"departed" creamed fish

Categories
Seafood
Appetizers
Medieval
Yield
6 servings
MeasureIngredient

To make mortreux of fisch. Tak plays or fresch meluel or merlyng & seth it in fayre water, and then tak awey the skyn & the bones & presse the fisch in a cloth & bray it in a mortere, and tempre it vp with almond melk, & bray poudere of gynger & sugre togedere & departe the mortreux on tweyne in two pottes & coloure that on with saffroun & dresch it in disches, half of that on & half of that other, & strawe poudere of gyngere & sugre on that on & cleme sugre on that other & serue it forth.

600 g/1¼ lb skinned cod fillet Sea salt 125 g/4 oz ground almonds 2 teaspoons rice flour or cornflour 3 tablespoons deep yellow saffron water or food colouring ½ teaspoon ground ginger ¾ teaspoon white sugar

(Serves six as a starter)

The 'standing' (thick) pottage or pate' called mortrews could contain either fish or meat.

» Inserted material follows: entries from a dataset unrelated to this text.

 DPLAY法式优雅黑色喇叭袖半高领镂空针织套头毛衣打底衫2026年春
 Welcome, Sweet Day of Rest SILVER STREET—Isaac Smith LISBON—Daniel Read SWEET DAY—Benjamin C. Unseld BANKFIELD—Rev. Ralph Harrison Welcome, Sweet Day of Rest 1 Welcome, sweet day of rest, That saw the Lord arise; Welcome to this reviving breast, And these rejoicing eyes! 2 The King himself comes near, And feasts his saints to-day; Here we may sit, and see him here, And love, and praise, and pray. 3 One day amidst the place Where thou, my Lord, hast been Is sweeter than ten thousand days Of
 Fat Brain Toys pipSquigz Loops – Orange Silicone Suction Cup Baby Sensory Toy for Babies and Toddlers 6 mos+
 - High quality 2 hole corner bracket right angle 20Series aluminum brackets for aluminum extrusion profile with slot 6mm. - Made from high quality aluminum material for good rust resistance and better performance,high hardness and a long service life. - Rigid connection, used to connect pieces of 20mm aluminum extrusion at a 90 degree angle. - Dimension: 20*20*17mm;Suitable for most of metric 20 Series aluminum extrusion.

Its thickening made it a better-than-usual dish, even without extra colour. 'Departed', as it sounds, just means that the dish is 'parted in two', that is, bi-coloured. The Goodman suggested a chicken liver or meat mortrews, but I think his young wife would have clapped her hands over this one on 'fysshe dayes'.

To make it, poach the fish fillet in about 575 ml/1 pint/2 ½ cups of salted water until cooked through. Drain off the cooking liquid into a measuring jug. Pour 275 ml/10 fl oz/1 ¼ cups of the hot measured liquid over the almonds in a bowl.

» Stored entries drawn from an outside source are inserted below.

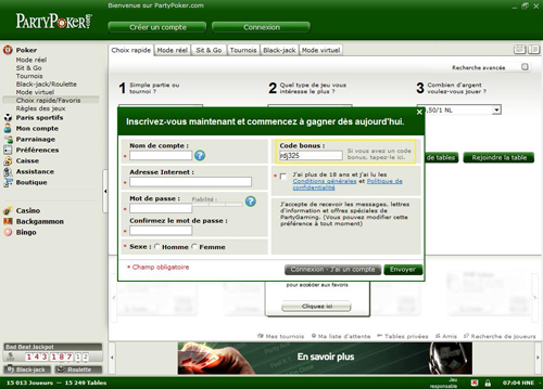Une fois l'installation terminée, le logiciel de Party Poker va se lancer. Cliquez sur "Créer un compte" pour vous inscrire :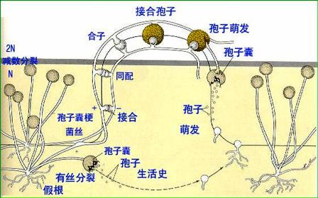 黑根霉的菌絲體多分枝,無橫隔,細(xì)胞核多數(shù),菌絲體有匍匐菌絲,稱為匍匐枝,匍匐枝與營養(yǎng)基質(zhì)接觸處產(chǎn)生假根吸取養(yǎng)料。黑根霉有無性繁殖和有性繁殖,無性繁殖時(shí)于假根處向上產(chǎn)生幾支直立的菌絲稱為孢子囊柄(sporangiophore),頂端形成球形膨大產(chǎn)生孢子的囊狀物,稱為孢子囊,囊中產(chǎn)生孢子,孢子成熟時(shí)黑色,散出,在適宜的介質(zhì)上萌發(fā)成菌絲體。有性生殖時(shí),兩個(gè)不同性別的菌絲體相遇,從其側(cè)面長出短枝形成配子囊,頂端相接處細(xì)胞壁消失,原生質(zhì)融合形成有厚壁的合子,合子休眠和減數(shù)分裂后萌發(fā)長出不分枝的菌絲,頂端形成孢子囊,孢子囊產(chǎn)生孢子,由孢子再萌發(fā)成新個(gè)體。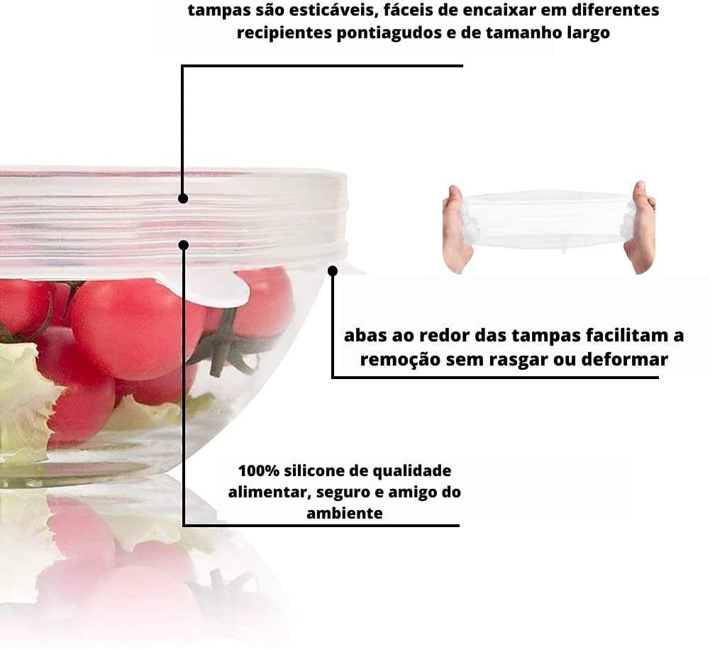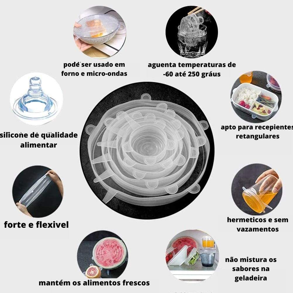 Tampas de silicone herméticas kit 6 tamanhos

Press the fish under a cloth or kitchen paper to squeeze out excess moisture, then flake it. Strain the almond 'milk' into a jug, stirring to separate the free liquid from the almond sludge in the strainer. Put the liquid into the goblet of an electric blender, followed by the flaked fish, and process until smooth. If the mixture is too stiff to process easily, add a little more fish cooking liquid. Turn the mixture into a bowl.

In a small saucepan, cream the rice flour or cornflour with 3 or 4 tablespoons of fish cooking liquid, then heat the mixture gently until it thickens. Stir this 'cream' into the fish mixture and season with salt.

Put half the mixture into a separate bowl and tint it a deep gold with the saffron water or good colouring. Combine the ground ginger and ¼ teaspoon of the sugar and mix into the golden fish, reserving a little of the mixture for sprinkling. If you like ginger, increase the quantity.

Serve the mortrews in six scallop shells or small saucers, putting a coloured and a plain spoonful of mixture side by side in each. Chill until needed. Just before serving, sprinkle the remaining ginger/sugar mix on the gold portions and the remaining ½ teaspoon plain sugar on the white portions.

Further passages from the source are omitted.